Single Family House in Mexico. Organic Stone Module on a "Lunar" Scenario - DesignOnWeb
Casa Meztitla is a project by Studio Edaa, created to welcome the family, move away from the world and immerse yourself in the flowers of bougainvillea, in a valley on the outskirts of Tepoztlán.
Created to welcome the family and escape from the outside world, Casa Meztitla was designed by the Edaa studio for a couple who wanted a refuge on the outskirts of Tepoztlán
The site was selected, not only for its cost, but also for its extraordinary natural landscape and its proximity to Mount El Tepozteco, a national park. The project was carried out in an area called Meztitla, which in the Nahuatl language means "place near the moon", on the outskirts of Tepoztlán, a city 90 km south of Mexico City.
The layout of the house is divided into several areas, a social area with living room and dining room, an open kitchen and a "porch" overlooking the patio of grass, the only artificially induced nature in the project, designed to become the center of the house. The service area includes a grill, bathrooms, laundry and storage. The area of the rooms is accessible through the external patios including the main ones, on opposite sides, which have a private patio each. The studio, on a second floor, is accessible through the roof of the house terrace and is open on both sides to a couple of outdoor patios.

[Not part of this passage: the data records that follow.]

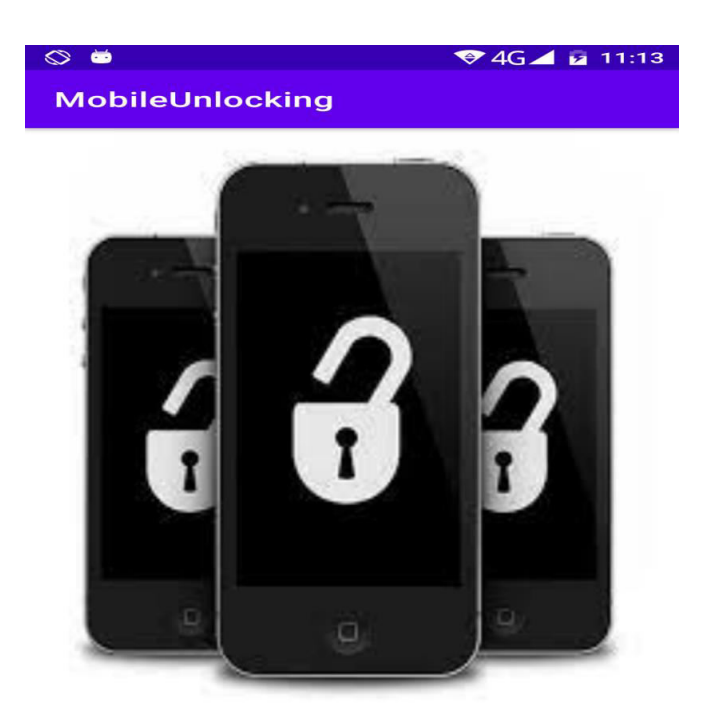
Figure 2- Mobile Unlocking Interface

The lock screen module is configured to receive an input to authenticate the user and/in response to the authenticated input, unlock the mobile device, and further comprising gesture definition module that, when the mobile device is unlocked, is configured to receive the touch gesture entered by the user that, when detected by the gesture interpretation module, causes the lock action module to execute the particular action, whereby detection of the user-defined shape securely authorizes execution of the particular action while the lock screen view is displayed at the touch screen
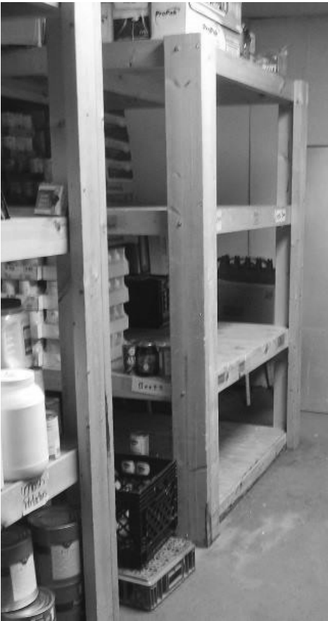
Above: The shelves at Daily Bread before Boys State contributions
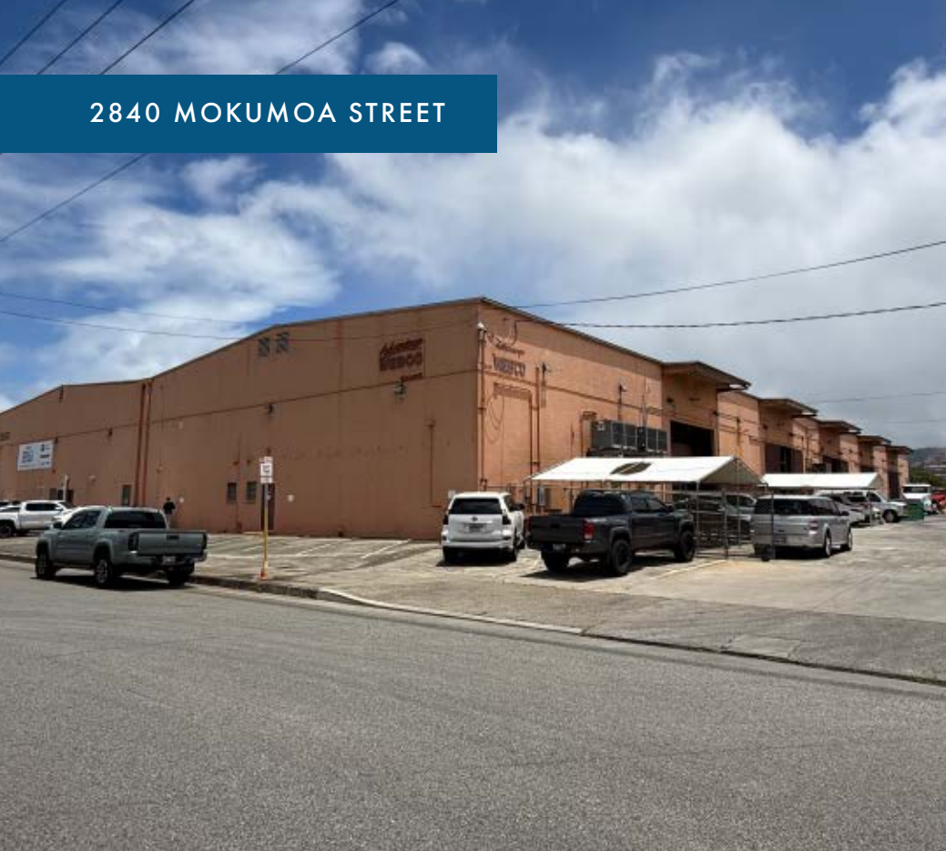
2840 MOKUMOA STREET

The central theme of the house is the endless relationship between inside and outside, there is no way to move from one area to another without walking through the outdoor spaces, each area is open to the outside so that you can go out of the house through any door. The house thus functions as a series of rooms connected through different types of outdoor areas. All this was made possible by the mild subtropical climate, used as an excuse not to build a house that closes on itself, but that continually opens to the natural environment.
The selection of materials is simple and logical, both for economic and contextual reasons, being in a subtropical rainforest, they had to be simple to maintain materials, in which their aging was natural and blended with the context. For this reason, the choice of concrete and volcanic rock for the structures, all made lighter because of the complete whiteness both indoors and outdoors. The interior is completed by pine wood and steel doors with tempered glass, accentuated by the use of traditional Mexican furniture such as hammocks and rocking chairs.
Despite its modernity, the house seems to lie naturally in the green landscape, thanks to the use of well-mixed materials and its geometrically organic shape.